Final Fantasy IV
Yeah, I know. Some of these tracks are imaginatively named, eh?
If I were paying much attention to historical significance of musical pieces, this would be rated much higher, I reckon. But I'm not; I'm mostly just rating them by how much I like them, and honestly there's not much separating #44 from, say, #24.
This was THE boss battle music that set the bar for boss battle music. That bar remains where Final Fantasy IV set it today, pretty much. In fact, this is the only "standard" boss battle music to make this Top 50, though several "this is BIG" boss battle pieces are going to be seen here (including Final Fantasy IV's.)
The bottom line is, I'm not sure if, on the whole, Final Fantasy IV's slate of battle music has ever been matched. It's been 20 years now since that game blazed the path for the great RPGs of the 1990s, and I do believe that with each passing RPG that came along, battles were emphasized less and less, story more and more, until we got to Final Fantasy VII, which was the tipping point. Brought to you by the power of CDs, Final Fantasy VII introduced FMV, Full Motion Video, to the gaming world. There wasn't actually all that much FMV in the game--not much more than Zelda: Ocarina of Time for the N64, only a year newer and on inferior technology, offered--but it was very well received and that opened the floodgates. Since Final Fantasy VIII, the series has been less and less battling and more and more watching a movie with every installment, at least until it turned MMORPG.
But Final Fantasy IV, in addition to having one of the best stories of any video game even to this day, was very battle focused. By which I mean, if you wanted to get anywhere with the game (short of tweaking some very advanced stuff), you had to grind. And grind. And grind. The only way to beat the bosses was to gain more levels. And the challenge factor, by which I mean the grind more levels factor, was tuned down, a lot, from the original for the American version.
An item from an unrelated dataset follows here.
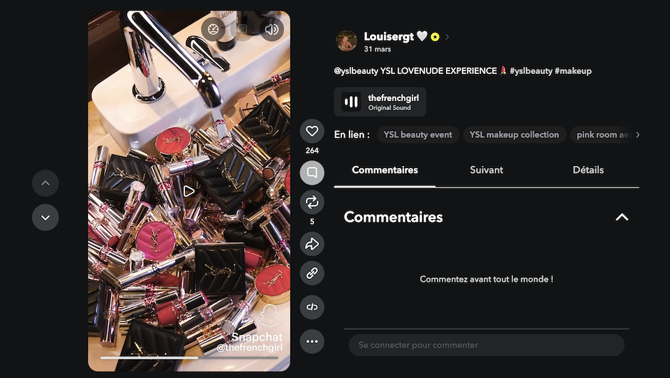 YSL Beauty ne juxtapose pas influence, contenu et essai produit : la marque les fusionne dans un même dispositif, où chaque épreuve devient à la fois contenu, démonstration et interaction.

Of all the RPGs I played over and over from that era, the only one that required you to spend more time grinding levels was Lufia. And I'll be honest: Lufia had a great story, and that's why I stubbornly kept to it, but the gameplay was god-awful. That game still holds the all-time record for tedium.
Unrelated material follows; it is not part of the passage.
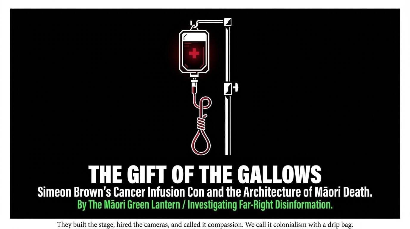 "THE GIFT OF THE GALLOWS: Simeon Brown's Cancer Infusion Con and the Architecture of Māori Death" - 13 April 2026

Anyway, as I recall this was supposed to be about music. No piece of standard battle music was considered for this list; sorry, but I just listened to it all too damned much. But Final Fantasy IV probably also sets the enduring standard for regular battle music. (Well, EarthBound does, actually, but no one EarthBound track individually stands up to the standard music you heard in every battle in the Square games.) And this is the best normal boss battle music. And Battle With Golbeze's Four Emperors (or Fiends, or Gods, or whatever) ranks near the top of the super-boss battle music list.
Bottom line: Battling in Final Fantasy IV was a LOT more tolerable than in Lufia, and I suspect the music is a big reason why.
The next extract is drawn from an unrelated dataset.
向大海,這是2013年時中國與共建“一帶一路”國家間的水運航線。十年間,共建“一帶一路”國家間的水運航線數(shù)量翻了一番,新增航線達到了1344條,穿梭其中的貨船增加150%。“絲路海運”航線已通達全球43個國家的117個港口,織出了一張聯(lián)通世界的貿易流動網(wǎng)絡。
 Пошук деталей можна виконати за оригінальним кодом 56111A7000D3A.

While we're here: In terms of battle system design, Square peaked with Final Fantasy V (the least known of the Super Nintendo series, as it wasn't released in North America until like three years ago.) IV's battle system was pretty good but tedious, and VI's was excellent except some options were pretty broken and over-centralized the game. VII's battle system was, honestly, poorly designed, and wasted ridiculous amounts of the player's time. Final Fantasy VII did not require much grinding at all, but mundane random encounter battles were aggravatingly long, causing you to spend about as much time in-battle as you did in Lufia. I keep a book handy to read while waiting for battles to end. That game REALLY needed an "animations off" button, like Ogre Battle had.
Or, Final Fantasy IV's battle music. If it had that, I might not mind so much.